----- EXERCISE MATERIALS -----
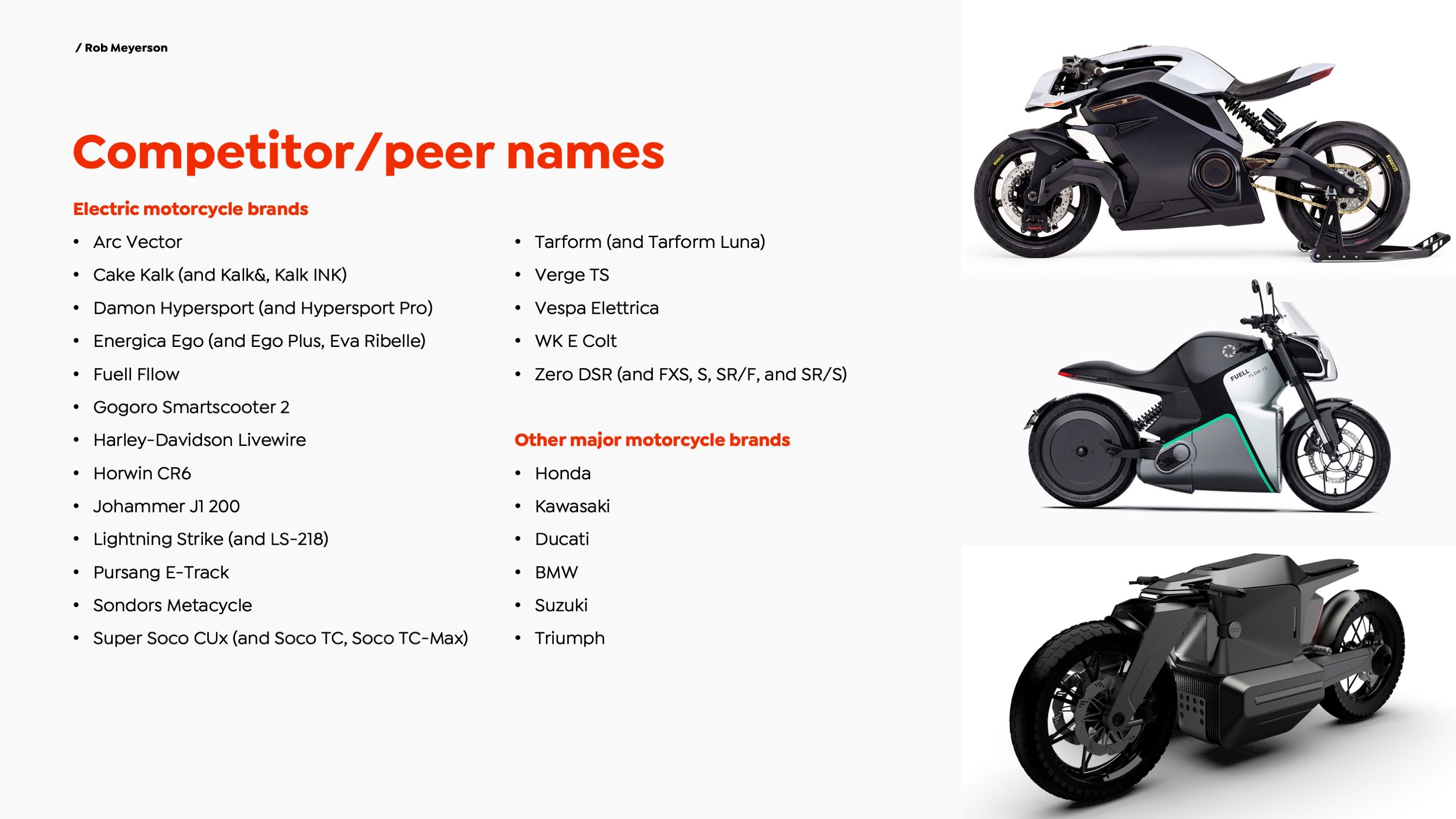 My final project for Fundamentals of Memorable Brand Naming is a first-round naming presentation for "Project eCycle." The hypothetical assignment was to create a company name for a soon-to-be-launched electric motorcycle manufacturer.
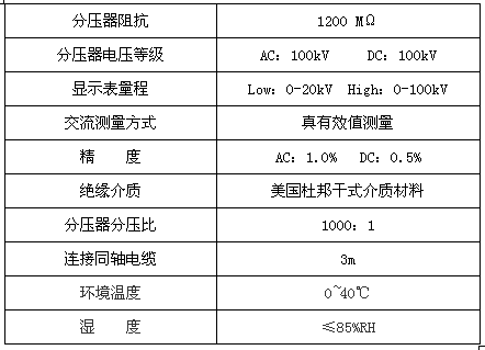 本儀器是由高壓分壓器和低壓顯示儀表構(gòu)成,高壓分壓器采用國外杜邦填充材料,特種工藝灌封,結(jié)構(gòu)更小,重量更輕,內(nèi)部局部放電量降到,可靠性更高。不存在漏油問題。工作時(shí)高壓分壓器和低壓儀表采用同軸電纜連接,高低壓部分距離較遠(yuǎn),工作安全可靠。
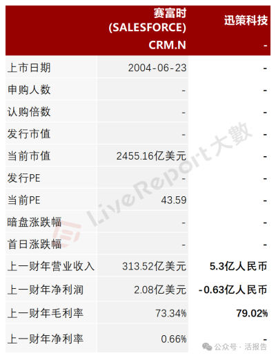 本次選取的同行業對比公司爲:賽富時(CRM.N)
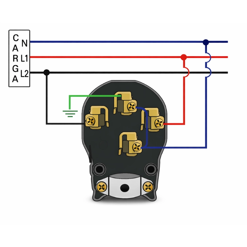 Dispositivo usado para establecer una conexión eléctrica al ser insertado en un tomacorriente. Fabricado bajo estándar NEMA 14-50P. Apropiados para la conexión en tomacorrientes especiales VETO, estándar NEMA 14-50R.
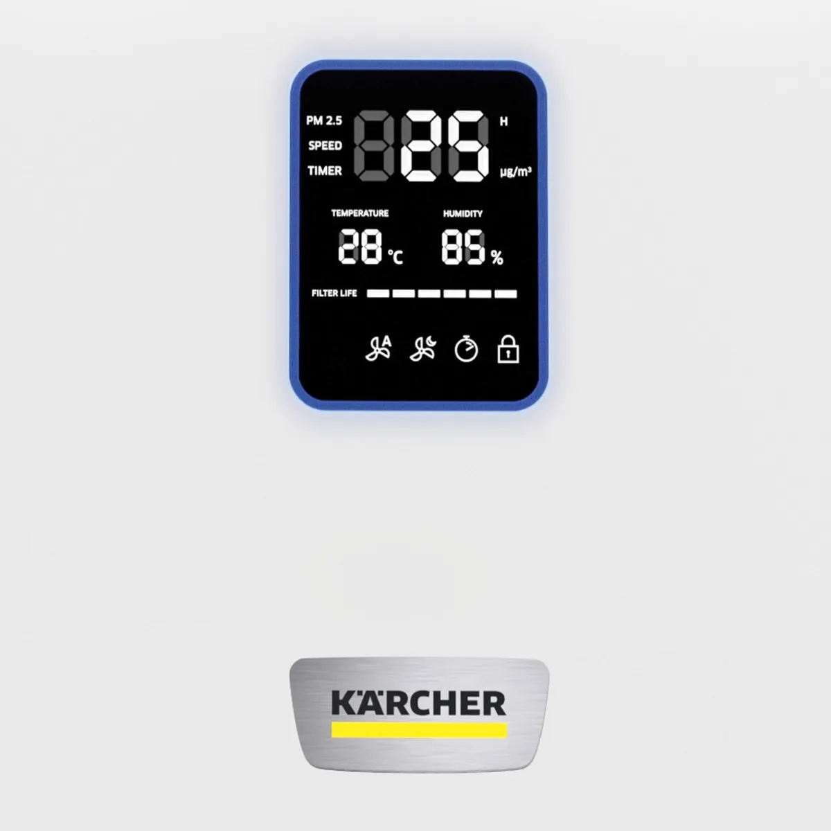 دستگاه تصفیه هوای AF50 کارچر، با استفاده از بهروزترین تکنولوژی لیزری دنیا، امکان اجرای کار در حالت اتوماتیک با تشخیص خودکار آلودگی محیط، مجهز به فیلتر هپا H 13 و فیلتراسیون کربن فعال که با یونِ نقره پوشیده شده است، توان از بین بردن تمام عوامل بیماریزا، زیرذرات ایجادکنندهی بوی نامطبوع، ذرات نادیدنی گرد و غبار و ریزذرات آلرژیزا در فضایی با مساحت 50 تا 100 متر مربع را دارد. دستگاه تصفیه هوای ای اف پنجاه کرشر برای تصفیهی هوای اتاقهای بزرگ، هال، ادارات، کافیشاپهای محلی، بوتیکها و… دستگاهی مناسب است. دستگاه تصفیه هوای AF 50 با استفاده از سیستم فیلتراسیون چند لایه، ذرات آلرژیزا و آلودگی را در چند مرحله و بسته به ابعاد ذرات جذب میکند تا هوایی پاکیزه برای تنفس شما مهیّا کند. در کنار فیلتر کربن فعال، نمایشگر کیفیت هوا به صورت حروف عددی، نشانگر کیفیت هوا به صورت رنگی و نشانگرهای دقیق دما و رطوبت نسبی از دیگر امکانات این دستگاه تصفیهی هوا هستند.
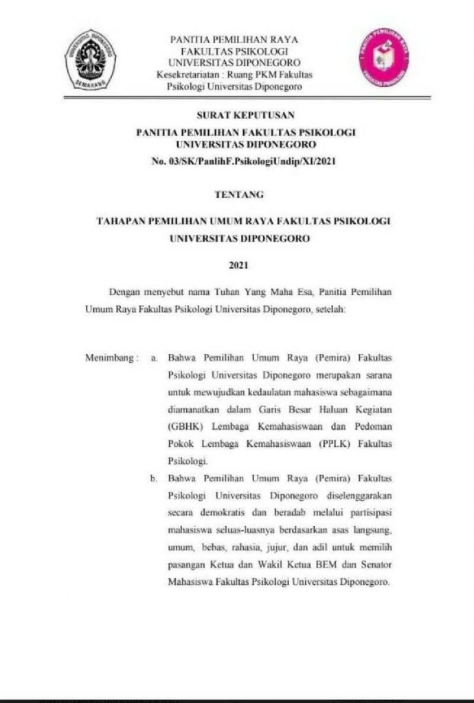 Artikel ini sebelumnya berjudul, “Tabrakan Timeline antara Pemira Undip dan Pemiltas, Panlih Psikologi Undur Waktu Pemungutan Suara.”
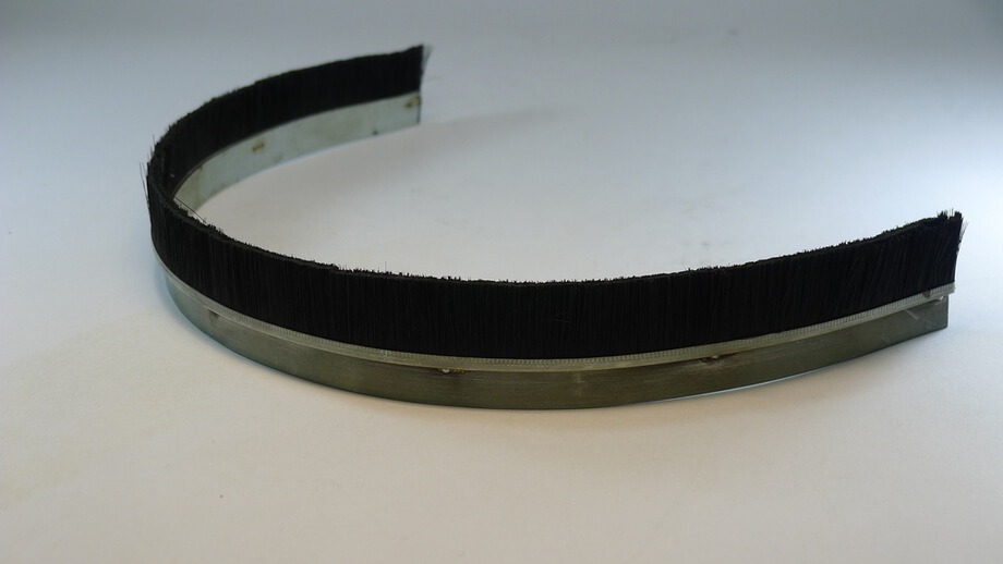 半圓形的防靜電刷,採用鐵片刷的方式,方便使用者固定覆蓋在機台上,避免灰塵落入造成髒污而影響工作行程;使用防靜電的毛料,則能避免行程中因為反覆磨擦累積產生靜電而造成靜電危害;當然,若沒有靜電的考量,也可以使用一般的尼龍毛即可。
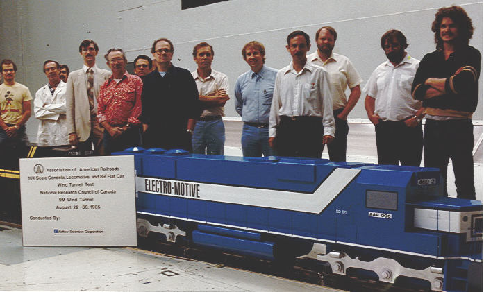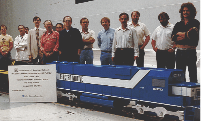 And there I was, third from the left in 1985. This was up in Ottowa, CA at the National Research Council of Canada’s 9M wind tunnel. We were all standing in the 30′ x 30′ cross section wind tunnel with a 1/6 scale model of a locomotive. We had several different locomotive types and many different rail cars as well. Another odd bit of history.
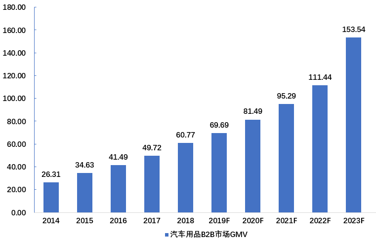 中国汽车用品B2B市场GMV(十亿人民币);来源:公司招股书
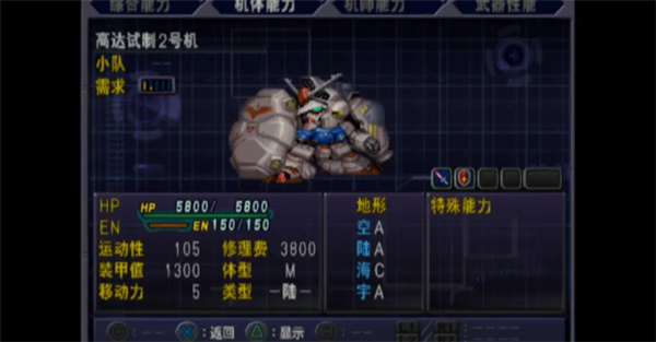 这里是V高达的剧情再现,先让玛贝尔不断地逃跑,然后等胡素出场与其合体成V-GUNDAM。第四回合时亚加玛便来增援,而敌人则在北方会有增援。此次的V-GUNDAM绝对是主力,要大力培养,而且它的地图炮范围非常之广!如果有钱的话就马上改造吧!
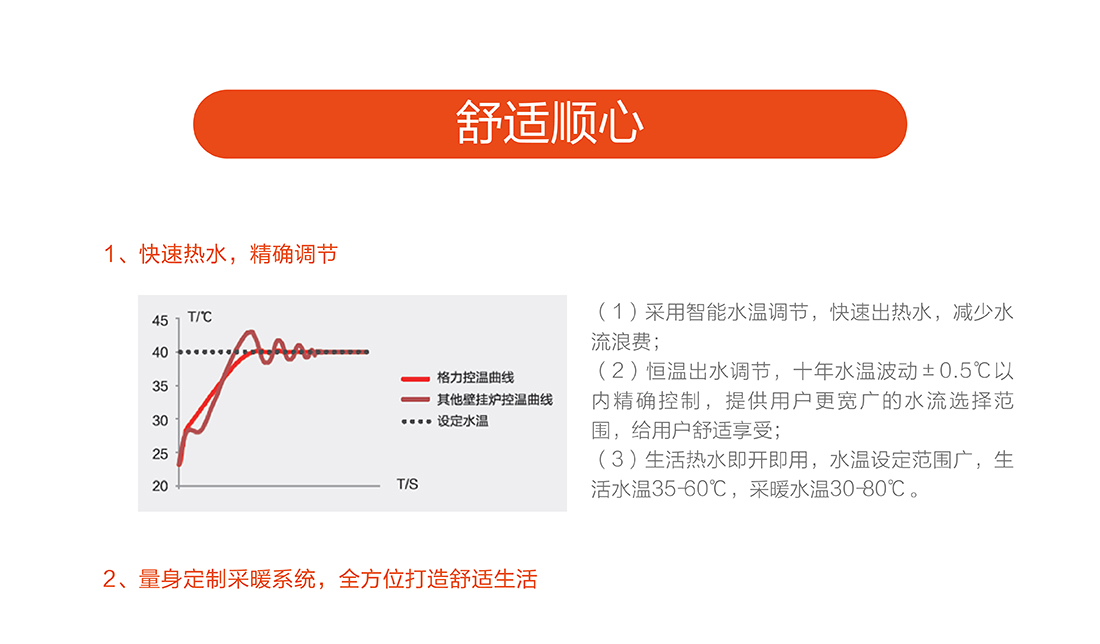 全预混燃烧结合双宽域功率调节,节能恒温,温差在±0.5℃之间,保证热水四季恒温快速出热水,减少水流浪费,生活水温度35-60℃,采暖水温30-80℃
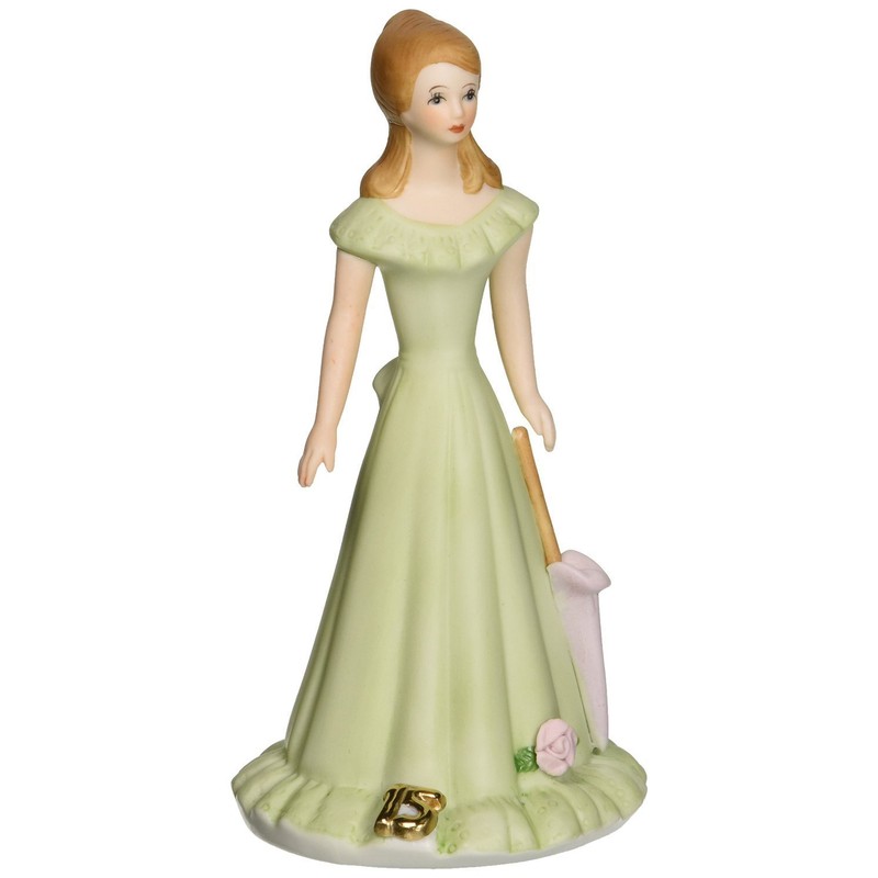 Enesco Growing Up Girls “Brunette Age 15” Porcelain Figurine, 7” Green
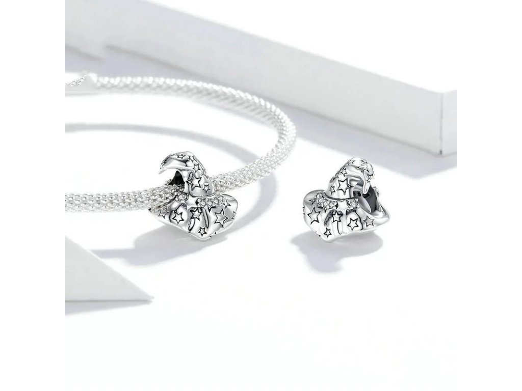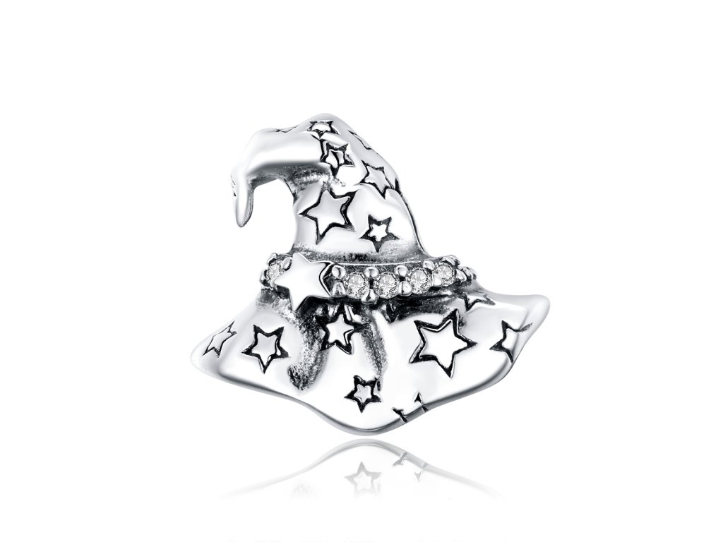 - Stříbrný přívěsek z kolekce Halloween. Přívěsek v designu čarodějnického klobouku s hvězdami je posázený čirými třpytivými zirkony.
-----
◆ WORK INSTRUCTION:
Treat the line with "دستگاه تصفیه هوای AF50" as the start and the line with "全预混燃烧结合双宽域功率调节" as the end, and return exactly that span of the data above, both ends included, without pictures.

◆ ANSWER SPACE:
 دستگاه تصفیه هوای AF50 کارچر، با استفاده از بهروزترین تکنولوژی لیزری دنیا، امکان اجرای کار در حالت اتوماتیک با تشخیص خودکار آلودگی محیط، مجهز به فیلتر هپا H 13 و فیلتراسیون کربن فعال که با یونِ نقره پوشیده شده است، توان از بین بردن تمام عوامل بیماریزا، زیرذرات ایجادکنندهی بوی نامطبوع، ذرات نادیدنی گرد و غبار و ریزذرات آلرژیزا در فضایی با مساحت 50 تا 100 متر مربع را دارد. دستگاه تصفیه هوای ای اف پنجاه کرشر برای تصفیهی هوای اتاقهای بزرگ، هال، ادارات، کافیشاپهای محلی، بوتیکها و… دستگاهی مناسب است. دستگاه تصفیه هوای AF 50 با استفاده از سیستم فیلتراسیون چند لایه، ذرات آلرژیزا و آلودگی را در چند مرحله و بسته به ابعاد ذرات جذب میکند تا هوایی پاکیزه برای تنفس شما مهیّا کند. در کنار فیلتر کربن فعال، نمایشگر کیفیت هوا به صورت حروف عددی، نشانگر کیفیت هوا به صورت رنگی و نشانگرهای دقیق دما و رطوبت نسبی از دیگر امکانات این دستگاه تصفیهی هوا هستند.
 Artikel ini sebelumnya berjudul, “Tabrakan Timeline antara Pemira Undip dan Pemiltas, Panlih Psikologi Undur Waktu Pemungutan Suara.”
 半圓形的防靜電刷,採用鐵片刷的方式,方便使用者固定覆蓋在機台上,避免灰塵落入造成髒污而影響工作行程;使用防靜電的毛料,則能避免行程中因為反覆磨擦累積產生靜電而造成靜電危害;當然,若沒有靜電的考量,也可以使用一般的尼龍毛即可。
 And there I was, third from the left in 1985. This was up in Ottowa, CA at the National Research Council of Canada’s 9M wind tunnel. We were all standing in the 30′ x 30′ cross section wind tunnel with a 1/6 scale model of a locomotive. We had several different locomotive types and many different rail cars as well. Another odd bit of history.
 中国汽车用品B2B市场GMV(十亿人民币);来源:公司招股书
 这里是V高达的剧情再现,先让玛贝尔不断地逃跑,然后等胡素出场与其合体成V-GUNDAM。第四回合时亚加玛便来增援,而敌人则在北方会有增援。此次的V-GUNDAM绝对是主力,要大力培养,而且它的地图炮范围非常之广!如果有钱的话就马上改造吧!
 全预混燃烧结合双宽域功率调节,节能恒温,温差在±0.5℃之间,保证热水四季恒温快速出热水,减少水流浪费,生活水温度35-60℃,采暖水温30-80℃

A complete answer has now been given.